Sticking to the topic of external Python tools that can help code quality - *linters* are tools that can spot errors before they come up when you run the code by continuously examining your syntax. Some can also tell you about general code quality advice such as unused imports, code that should be refactored etc. The main player here by a mile is `pylint`, although some use `flake8` or `pyflakes`. You have likely seen linting in action already when using Colab - if you have a red line under your code that's the linting in action. You can also use it as a command line tool as we did with our formatters to give a more detailed breakdown of your code.

Returning to Python's built in code quality efforts, there's been a big push recently in taking dynamically typed languages (like Python and Javascript) and adding the functionality to annotate types for varibles (as with Python), or statically enforce typing (with TypeScript for Javascript). While type hints in Python won't cause an error if the wrong type is given to a variable, other tools like linters will pick them up; this is *excellent* for seeing errors before they happen. If a function either returns a `str` or `None`, and the function that result is passed to can only handle `str`s, we have a problem and instantly know we need to handle 2 cases - otherwise we might have a difficult obtuse bug to fix!

Type hinting takes multiple forms, so let's look at a big block of code with type hints included:

In [3]:
# Typing library comes with additional good stuff
import typing as tp

# Annotate a variable with it's type (implying it shouldn't change)
my_num: int = 15

# Annotate a list with what variable types it can have in
my_list: tp.List[tp.Union[str, bool]] = ["hello", 1, 2, 3]

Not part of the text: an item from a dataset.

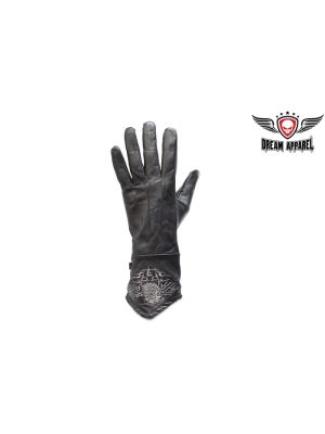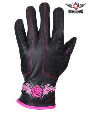 Pink-Rose Graphic Embroidered Leather Gloves SKU # GLZ106-EBL6-PINK

# Annotate a fuction with typed arguments, return
def my_function(number: int) -> bool:
    print("The number is:", number)
    return True

It's always a good idea to put these type hints in - at worst they are a bit annoying but at best they can spot errors before they happen. Static analysis tools like `mypy` can analyse your code and make sure all the typing makes sense - this can be particularly annoying but it keeps your code safer and more predictable!

Finally on code quality, perhaps the most contentious area of coding is documenting your code so it's more interpretable by others. Python notebooks lend themselves to this really easily - in notes like these I type paragraphs of text explaining what the code is doing at each step. However you might not want to format your code in this way, and in the case of normal `.py` files you might not be able to; so it's standard to document what your code does in the code itself

Documentation standards and expectations are extremely variable - some programmers will insist that good code should speak for itself and documentation is only needed in cases where bad code is present. Others will insist that there is no such thing as overdocumenting your code. I would push that every function, class and file should have a docstring (as below) after the definition explaining the purpose of the function/class/file - often this exercise alone can make you think about *why* you are making something a function and if it needs to be broken up. I'd also add spot comment (with `#`s) on particularly obtuse lines of code where a clearer way is not possible:

In [None]:
"""
    This is a multiline docstring - I'd put one of these at the top of each file if using a .py filetype.
"""

def my_cool_new_add_function(a: int, b: int) -> int:
    """Adds two integers together.

    Arguments:

        a (int): First integer to be added

        b (int): Second integer to be added

    Returns:

        int: The sum of a and b

    """
    return a + b

Obviously the above is a silly example, but in cases where you are working with complex function and data, it can be helpful to give more complex to what you are working with beyond a function name!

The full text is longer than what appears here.